Unnamed: 0,name,rating,review_count,display_phone,distance,latitude,longitude,address1,address2,city,zip_code,country,state,display_address
0,Bomba,4.5,204,(828) 254-0209,42.480837,35.594884,-82.551976,1 SW Pack Sq,,Asheville,28801,US,NC,"[1 SW Pack Sq, Asheville, NC 28801]"
2,Old Europe Pastries,4.5,680,(828) 255-5999,85.794931,35.595956,-82.551916,18 Broadway St,,Asheville,28801,US,NC,"[18 Broadway St, Asheville, NC 28801]"

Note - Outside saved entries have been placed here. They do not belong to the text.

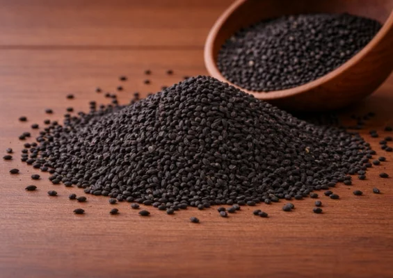 Small black seeds with a slightly bitter and peppery flavor, commonly used in traditional dishes and baking.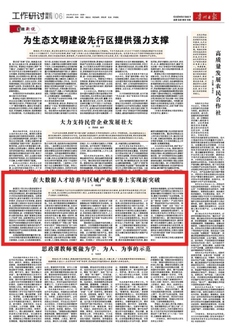 为了贯彻落实习近平总书记视察贵州重要讲话精神和系列重要指示批示精神,我们要牢牢抓住新国发2号文件重大机遇,充分发挥校企合作的协同育人特点,全面利用省级重点实验室的平台优势,奋力在大数据人才培养与区域产业服务上实现新突破。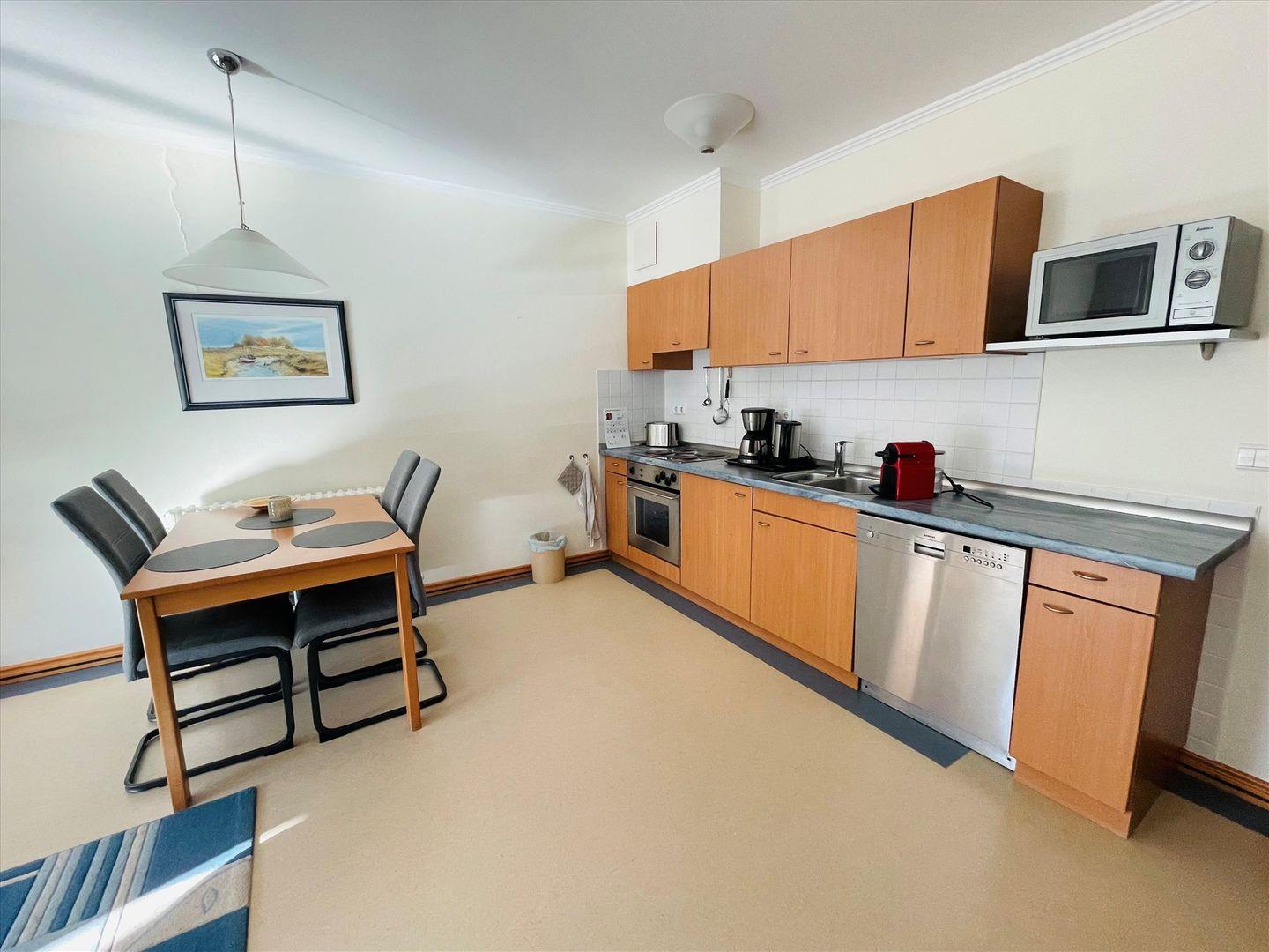 In dieser freundlichen Ferienwohnung genießen Sie Ihr Frühstück auf Ihrem eigenen Süd-West-Balkon. Eine gut ausgestattete Wohnküche verbindet eine Küchenzeile mit einem Essbereich und einem Wohnzimmer. Hier bietet eine Schlafcouch eine zusätzliche Schlafmöglichkeit, zusätzlich stehen hier ein Smart-TV, ein DVD-Player und eine Stereo-Anlage. Die Küchenzeile verfügt über einen Geschirrspüler, eine Back- und Kochmöglichkeit, eine Mikrowelle, einen Wasserkocher, einen Toaster, eine Kaffeemaschine und eine Nespresso- Kaffeemaschine. Das Schlafzimmer liegt separat und ist mit einem Doppelbett sowie Verstaumöglichkeiten ausgestattet. Im Badezimmer erwarten Sie eine geräumige Dusche, ein Waschbecken, ein WC und ein großer Ganzkörperspiegel. Haustiere sind erlaubt.
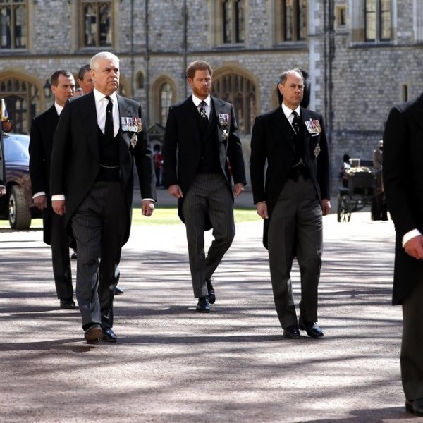 El Príncipe Carlos encabeza el cortejo fúnebre del funeral del Duque de Edimburgo y le siguen el Príncipe Carlos, el Príncipe Eduardo, el Príncipe Harry, el Príncipe Guillermo y el Príncipe Andrés.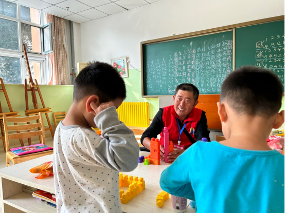 孫仁亮陪福利院的孩子們做游戲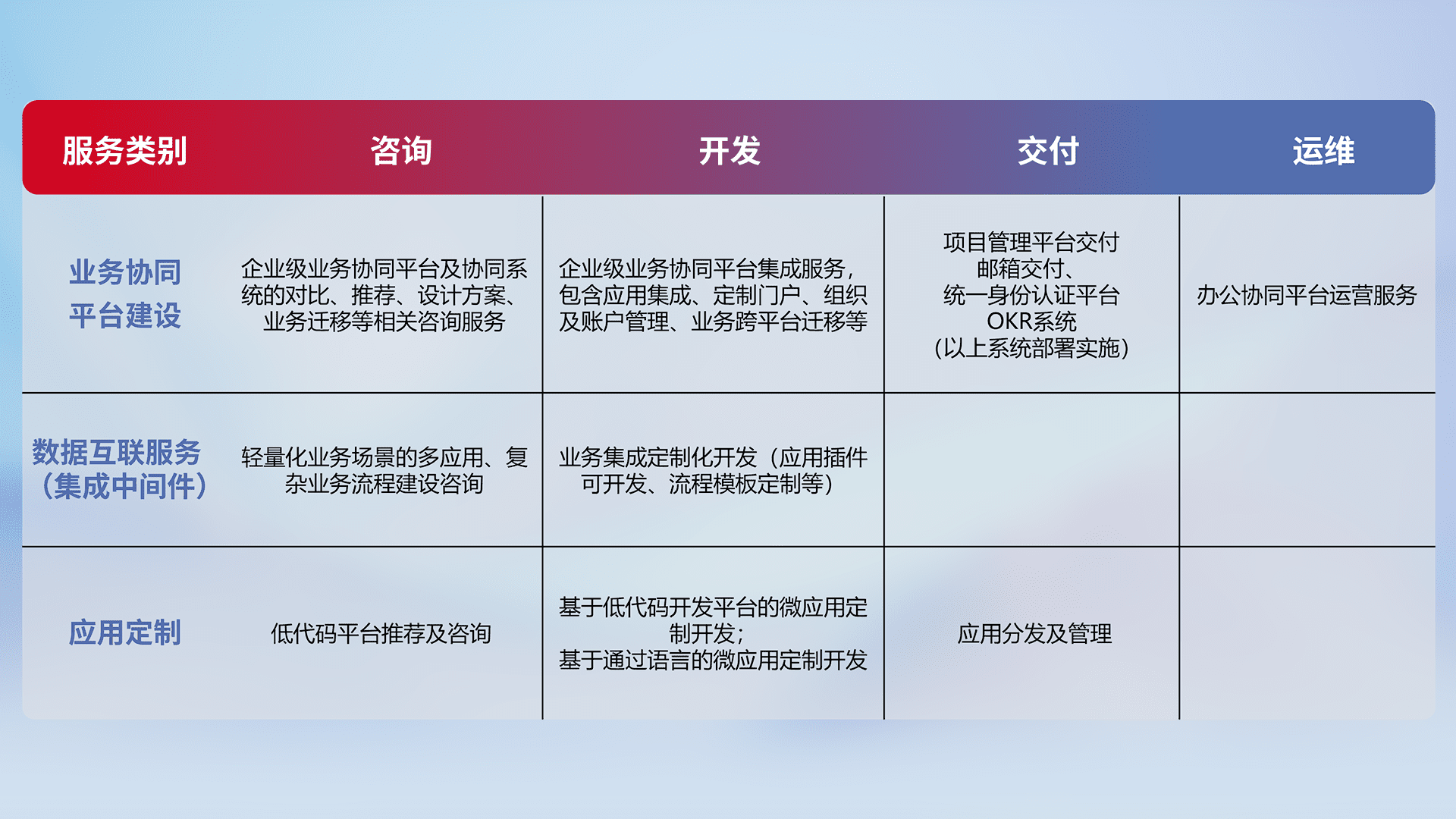针对钉钉、、、、企微、、、、IDaas等平台级产品提供产品的规划、、、方案、、交付、、、、定制化开发等服务,,,,实现如统一协同办公、、、智能客户服务、、混合会议管理、、、智能数据查询、、、等业务场景,,实现数字化转型。。。。

7,High Five Coffee,4.5,281,(828) 713-5291,130.19253,35.59573,-82.55349,13 Rankin Ave,,Asheville,28801,US,NC,"[13 Rankin Ave, Asheville, NC 28801]"
4,The Times Bar & Coffee Shop,4.5,156,(828) 774-5028,182.613758,35.59452,-82.55392,56 Patton Ave,,Asheville,28801,US,NC,"[56 Patton Ave, Asheville, NC 28801]"
6,Double D's Coffee & Desserts,4.5,455,(828) 505-2439,231.136985,35.593242,-82.551413,41 Biltmore Ave,,Asheville,28801,US,NC,"[41 Biltmore Ave, Asheville, NC 28801]"
1,Green Sage Cafe - Downtown,4.0,552,(828) 252-4450,44.853229,35.595611,-82.552078,5 Broadway St,,Asheville,28801,US,NC,"[5 Broadway St, Asheville, NC 28801]"
16,Izzy's Coffee Den,4.0,151,(828) 258-2004,260.485004,35.59743,-82.55332,74 N Lexington Ave,,Asheville,28801,US,NC,"[74 N Lexington Ave, Asheville, NC 28801]"
12,Trade and Lore Coffee,4.0,200,(828) 552-5353,330.43835,35.59472,-82.55575,37 Wall St,,Asheville,28801,US,NC,"[37 Wall St, Asheville, NC 28801]"


8 shops gives me plenty to choose from for a few days. 

All are within walking distance from the hotel as well, and there are names, numbers, and addresses for any questions or directions.